My work focuses on queer experiences and healing relational trauma.
Belonging and authenticity are both survival needs. Just as we need food and shelter, human beings also need to belong in order to survive, especially when we are young and unable to meet our basic needs. But we also need to be in touch with ourselves enough to identify what those needs are–this is at the core of authenticity. So what happens when our authenticity poses a threat to our belonging? Unfortunately, this is a familiar experience for many queer people. Whether these experiences of rejection and abandonment happen at the societal or familial level (or both), these ruptures are traumatic – trauma being defined as experiencing a threat to our basic safety or survival. We may be cut off from those who have provided for us, or have had to cut ourselves off from parts of ourselves in order to maintain belonging with those caregivers.
You may find yourself “time-traveling” – often lost in thoughts and memories of the hardest moments from your past. Or you’re mostly perfectly fine and things are humming right along until suddenly you’re activated – frightened, enraged or confused and you don’t quite know why. Maybe you’re mostly okay, but just sense that some part of you does not feel quite safe and so struggles to be fully present with others. It’s difficult to build trust with others, or yourself. Or you just know that you’re not accessing the full breadth of your authenticity; you feel a little dimmed, or like you’ve abandoned yourself in some important way that you can’t quite describe.

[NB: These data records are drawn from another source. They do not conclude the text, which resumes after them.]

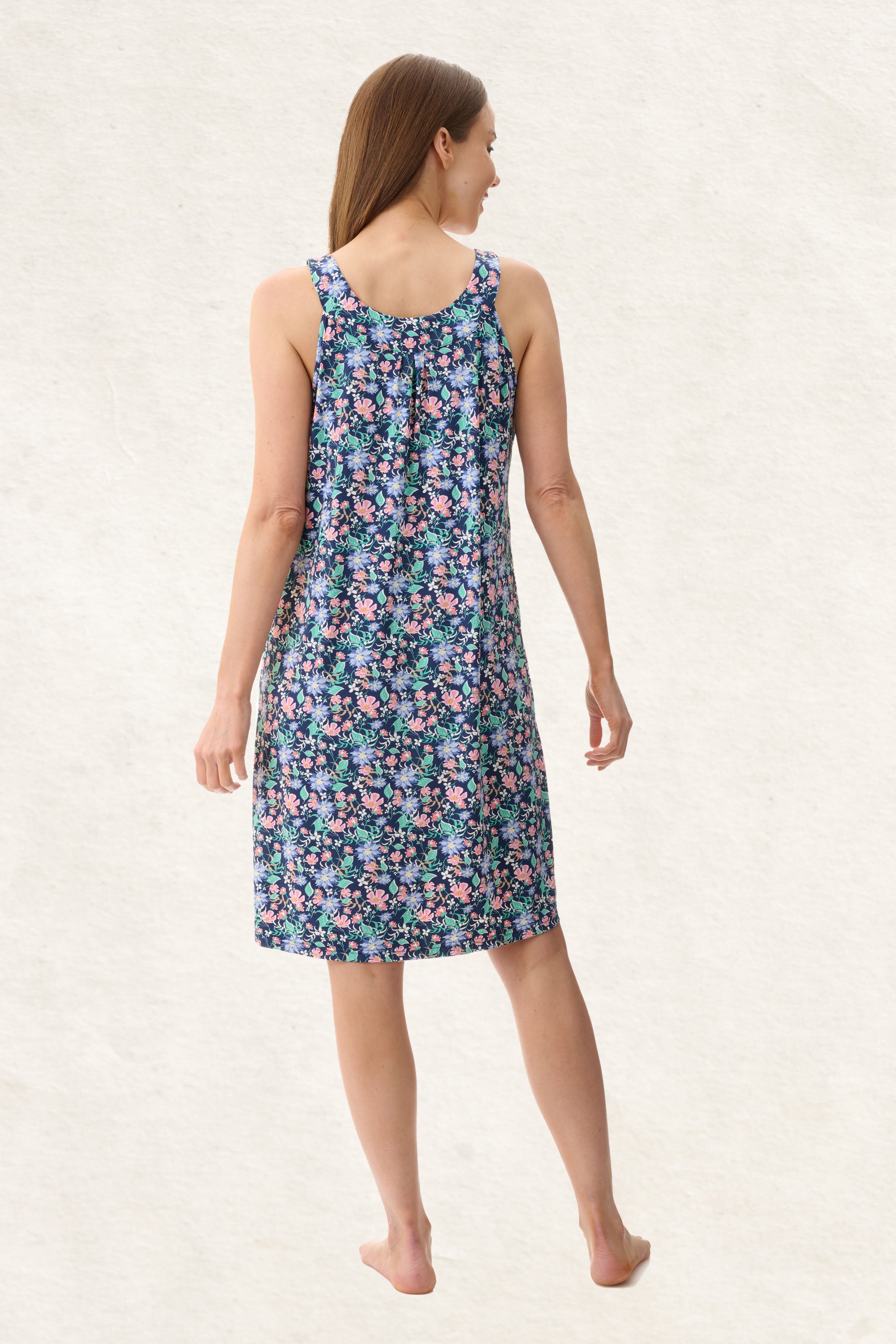 Sleeveless short nightie slinky knit in a gorgeous royal floral. This nightie features a shaped neckband , with centre pleats.  Tammy print short nightie sits just below the knee, the silky finish to the stretch fabric allows for ease of movement, and is cool to touch, a great choice for hot summer nights.
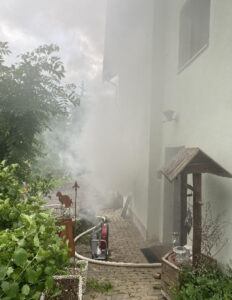 Rasch konnte der Brand gelöscht werden.  Gemeinsam mit einem weiteren Atemschutztrupp der FF Vassach wurde der verkohlte Wäschetrockner, sowie mehrere durch den Brand beschädigte Gegenstände aus dem Keller ins frei gebracht. Der giftige Brandrauch wurde mittels 2 elektrischen Hochleistungslüftern ins Freie geblasen.
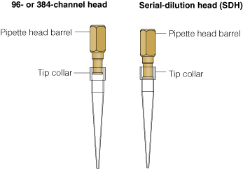 • Serial-dilution pipette heads (SDH). The pipette head barrels should be all the way down into the tip collars.

Maybe you’re mostly connected, but can’t shake the feeling that something is missing. These are all symptoms of relational trauma.
The good news is that trauma can be healed, and these painful wounds are actually the site where our healing work begins. Together, we’ll meet all the tough, thorny, messy parts, and we’ll do that slowly, at your pace, in small, doable pieces. Slow is fast in this work, as we gently re-build trust and safety by showing your nervous system that it’s okay to be with this stuff now, that it’s in the past, that you did, in fact, survive. As we embark on this work with steadiness, gentleness and a great deal of respect for all parts of you, you’re likely to find that things begin to shift. Clients often describe having more clarity about what they need and want in life, greater confidence and deeper intimacy in relationships, and often an overall sense of feeling “more like themselves”. To me this is sacred work that I am so passionate about and so grateful to be able to do. Together in therapy, we will build a new foundation of safety and trust, and over time witness your surviving transform to thriving.